### EXERCISE GOAL
When the line with "AMD Radeon R5" appears below, start repeating lines exactly, and keep going through the line with "道端にまだ小さな雪だるまが溶"; add nothing outside that span.

### SOURCE INFORMATION
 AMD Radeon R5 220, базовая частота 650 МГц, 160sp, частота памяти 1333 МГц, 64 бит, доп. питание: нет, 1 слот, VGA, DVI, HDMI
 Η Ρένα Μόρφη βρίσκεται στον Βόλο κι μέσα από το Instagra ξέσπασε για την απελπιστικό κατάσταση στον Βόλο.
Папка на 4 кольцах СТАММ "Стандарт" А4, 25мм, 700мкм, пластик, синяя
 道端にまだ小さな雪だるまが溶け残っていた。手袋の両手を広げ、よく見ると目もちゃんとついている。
---
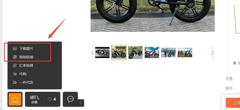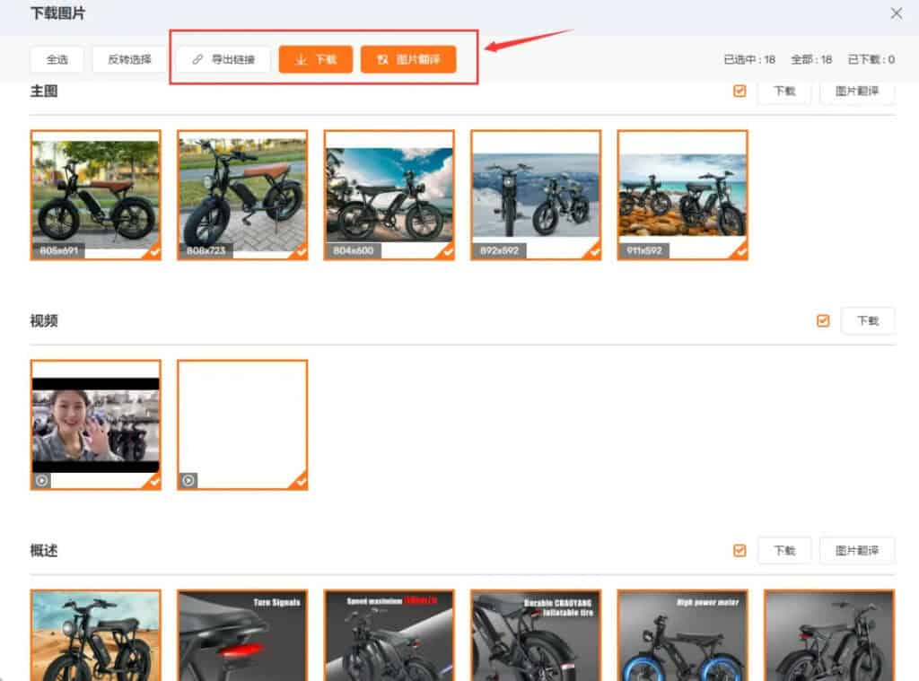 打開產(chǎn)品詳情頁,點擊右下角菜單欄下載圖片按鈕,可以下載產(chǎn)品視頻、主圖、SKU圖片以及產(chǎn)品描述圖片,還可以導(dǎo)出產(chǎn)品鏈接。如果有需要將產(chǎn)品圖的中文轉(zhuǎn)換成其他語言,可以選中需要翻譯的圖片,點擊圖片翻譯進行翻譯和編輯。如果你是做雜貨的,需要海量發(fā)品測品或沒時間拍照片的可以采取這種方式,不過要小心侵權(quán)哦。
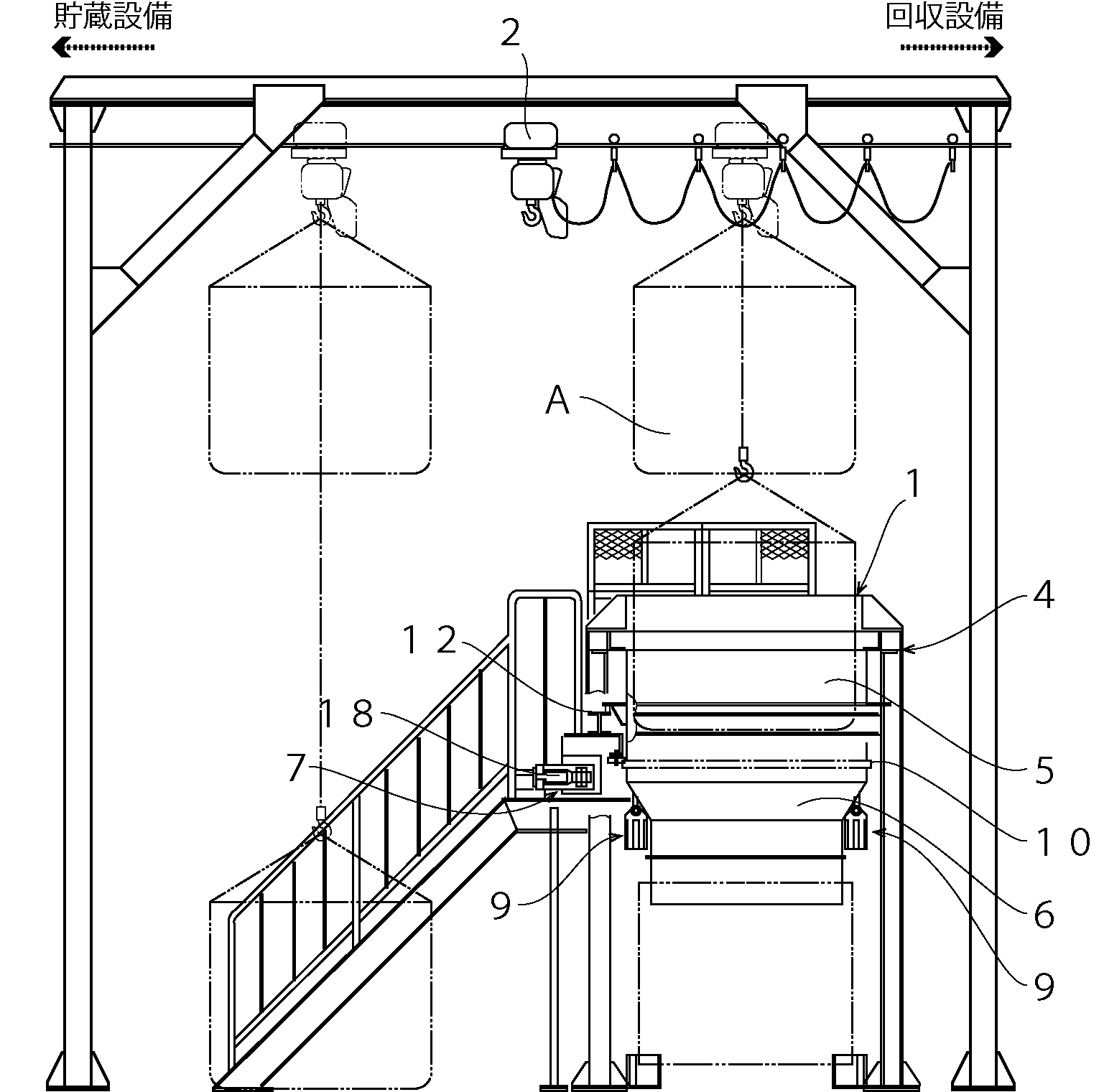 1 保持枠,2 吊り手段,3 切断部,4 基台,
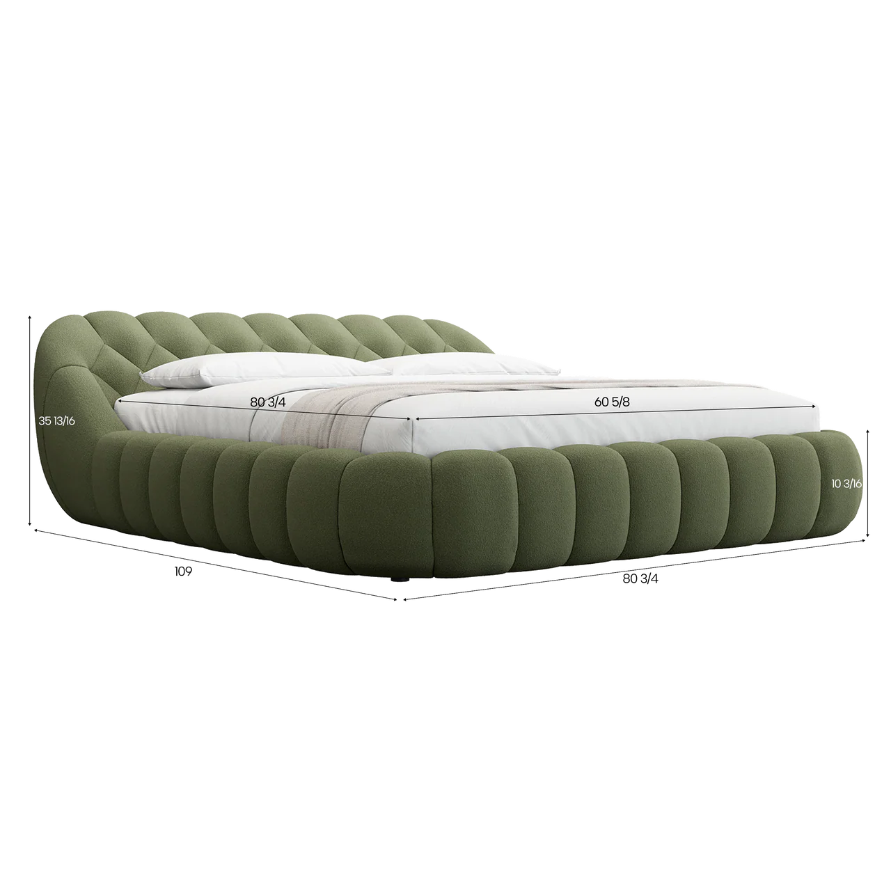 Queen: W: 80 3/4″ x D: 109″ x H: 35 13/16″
* * *
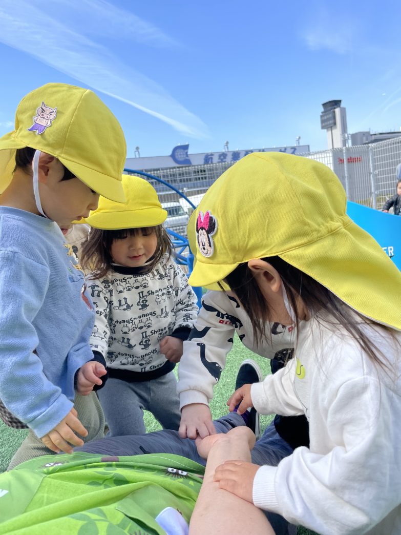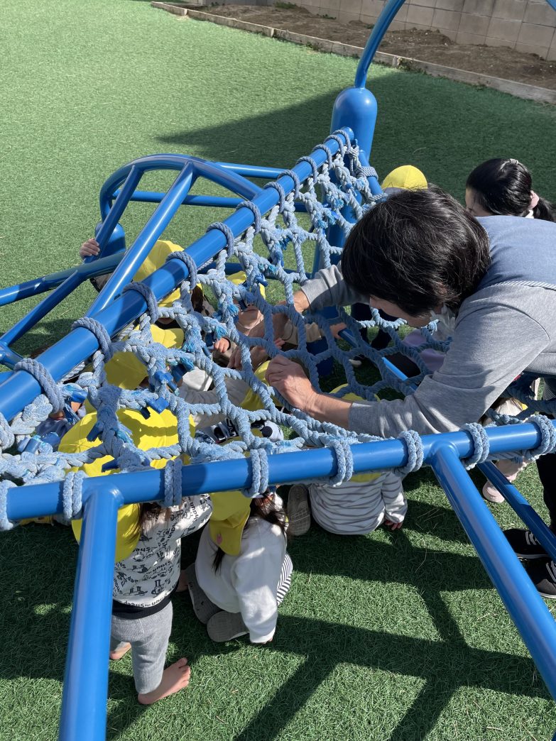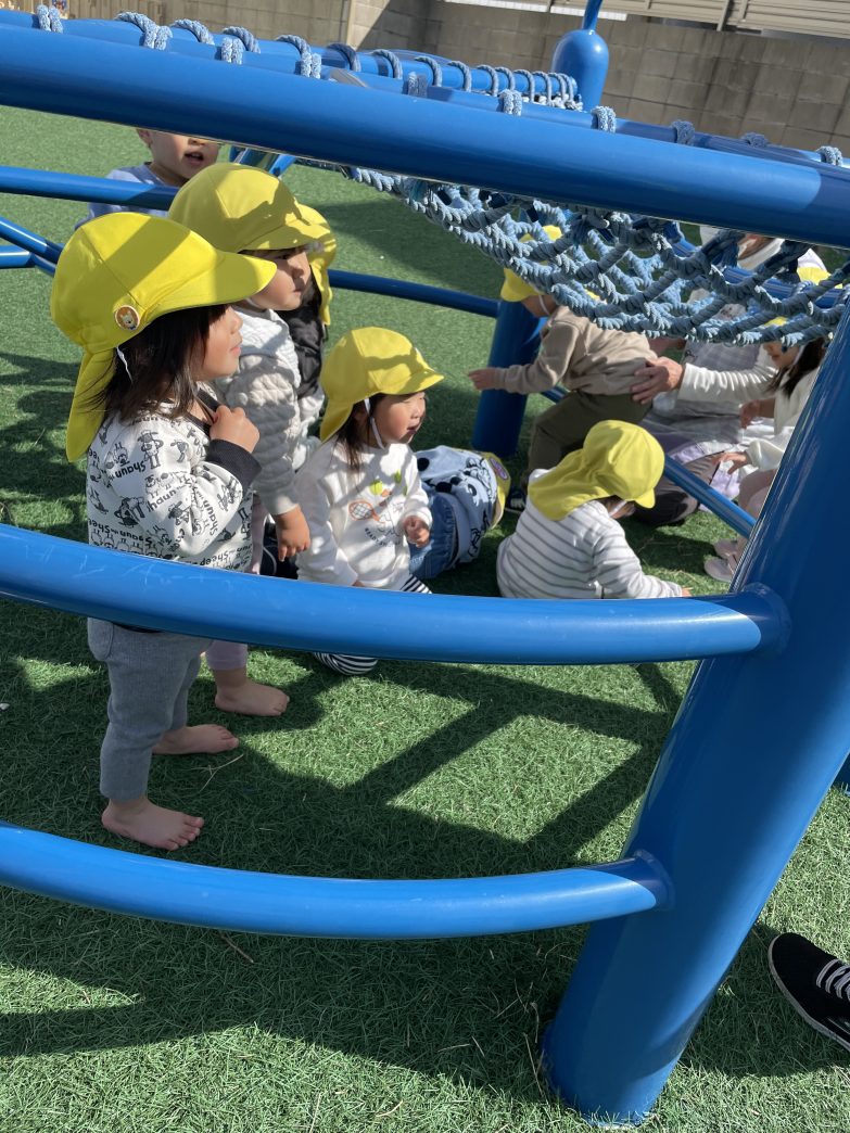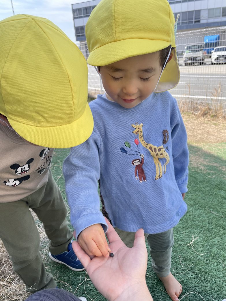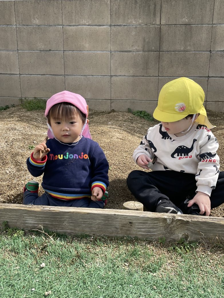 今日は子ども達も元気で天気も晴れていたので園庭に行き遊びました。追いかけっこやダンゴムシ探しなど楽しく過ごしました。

### EXERCISE OUTPUT
 AMD Radeon R5 220, базовая частота 650 МГц, 160sp, частота памяти 1333 МГц, 64 бит, доп. питание: нет, 1 слот, VGA, DVI, HDMI
 Η Ρένα Μόρφη βρίσκεται στον Βόλο κι μέσα από το Instagra ξέσπασε για την απελπιστικό κατάσταση στον Βόλο.
Папка на 4 кольцах СТАММ "Стандарт" А4, 25мм, 700мкм, пластик, синяя
 道端にまだ小さな雪だるまが溶け残っていた。手袋の両手を広げ、よく見ると目もちゃんとついている。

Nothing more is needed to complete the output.